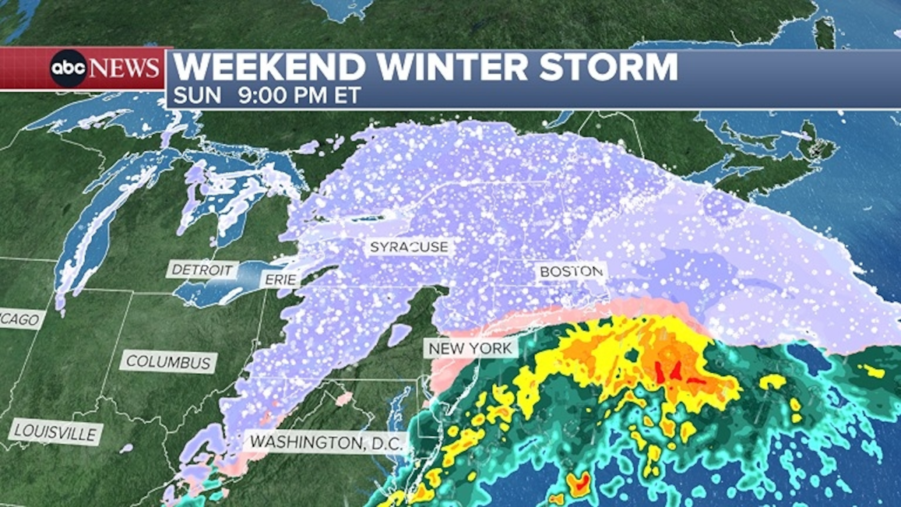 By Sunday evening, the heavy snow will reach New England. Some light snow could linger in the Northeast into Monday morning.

-- -- --

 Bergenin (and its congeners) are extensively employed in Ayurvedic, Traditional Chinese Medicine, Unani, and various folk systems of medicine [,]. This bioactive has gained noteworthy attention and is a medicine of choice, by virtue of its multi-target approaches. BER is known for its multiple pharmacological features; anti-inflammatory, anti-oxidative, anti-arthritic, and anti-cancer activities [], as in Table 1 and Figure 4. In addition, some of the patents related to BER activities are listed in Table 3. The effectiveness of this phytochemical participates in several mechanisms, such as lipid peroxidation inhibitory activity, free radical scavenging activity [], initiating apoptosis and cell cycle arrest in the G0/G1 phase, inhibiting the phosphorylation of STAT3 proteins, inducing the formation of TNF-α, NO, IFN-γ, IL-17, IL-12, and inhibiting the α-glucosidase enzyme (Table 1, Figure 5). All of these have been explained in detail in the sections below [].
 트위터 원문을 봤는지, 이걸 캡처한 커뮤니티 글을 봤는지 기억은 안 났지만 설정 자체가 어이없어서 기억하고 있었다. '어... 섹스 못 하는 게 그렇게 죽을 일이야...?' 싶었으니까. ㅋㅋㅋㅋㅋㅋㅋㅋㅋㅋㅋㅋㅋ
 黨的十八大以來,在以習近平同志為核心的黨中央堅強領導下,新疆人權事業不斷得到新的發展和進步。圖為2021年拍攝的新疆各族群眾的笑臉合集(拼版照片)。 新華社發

-- -- --

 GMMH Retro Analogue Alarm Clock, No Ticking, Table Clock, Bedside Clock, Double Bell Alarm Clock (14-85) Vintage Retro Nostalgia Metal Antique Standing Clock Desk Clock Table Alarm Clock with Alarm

-- -- --

** Exercise description **
Everything from the line containing "Bergenin (and its" through the line containing "黨的十八大以來,在以習近平同" in the material above should be retyped exactly, both ends included, and nothing more.

** Task solution **
 Bergenin (and its congeners) are extensively employed in Ayurvedic, Traditional Chinese Medicine, Unani, and various folk systems of medicine [,]. This bioactive has gained noteworthy attention and is a medicine of choice, by virtue of its multi-target approaches. BER is known for its multiple pharmacological features; anti-inflammatory, anti-oxidative, anti-arthritic, and anti-cancer activities [], as in Table 1 and Figure 4. In addition, some of the patents related to BER activities are listed in Table 3. The effectiveness of this phytochemical participates in several mechanisms, such as lipid peroxidation inhibitory activity, free radical scavenging activity [], initiating apoptosis and cell cycle arrest in the G0/G1 phase, inhibiting the phosphorylation of STAT3 proteins, inducing the formation of TNF-α, NO, IFN-γ, IL-17, IL-12, and inhibiting the α-glucosidase enzyme (Table 1, Figure 5). All of these have been explained in detail in the sections below [].
 트위터 원문을 봤는지, 이걸 캡처한 커뮤니티 글을 봤는지 기억은 안 났지만 설정 자체가 어이없어서 기억하고 있었다. '어... 섹스 못 하는 게 그렇게 죽을 일이야...?' 싶었으니까. ㅋㅋㅋㅋㅋㅋㅋㅋㅋㅋㅋㅋㅋ
 黨的十八大以來,在以習近平同志為核心的黨中央堅強領導下,新疆人權事業不斷得到新的發展和進步。圖為2021年拍攝的新疆各族群眾的笑臉合集(拼版照片)。 新華社發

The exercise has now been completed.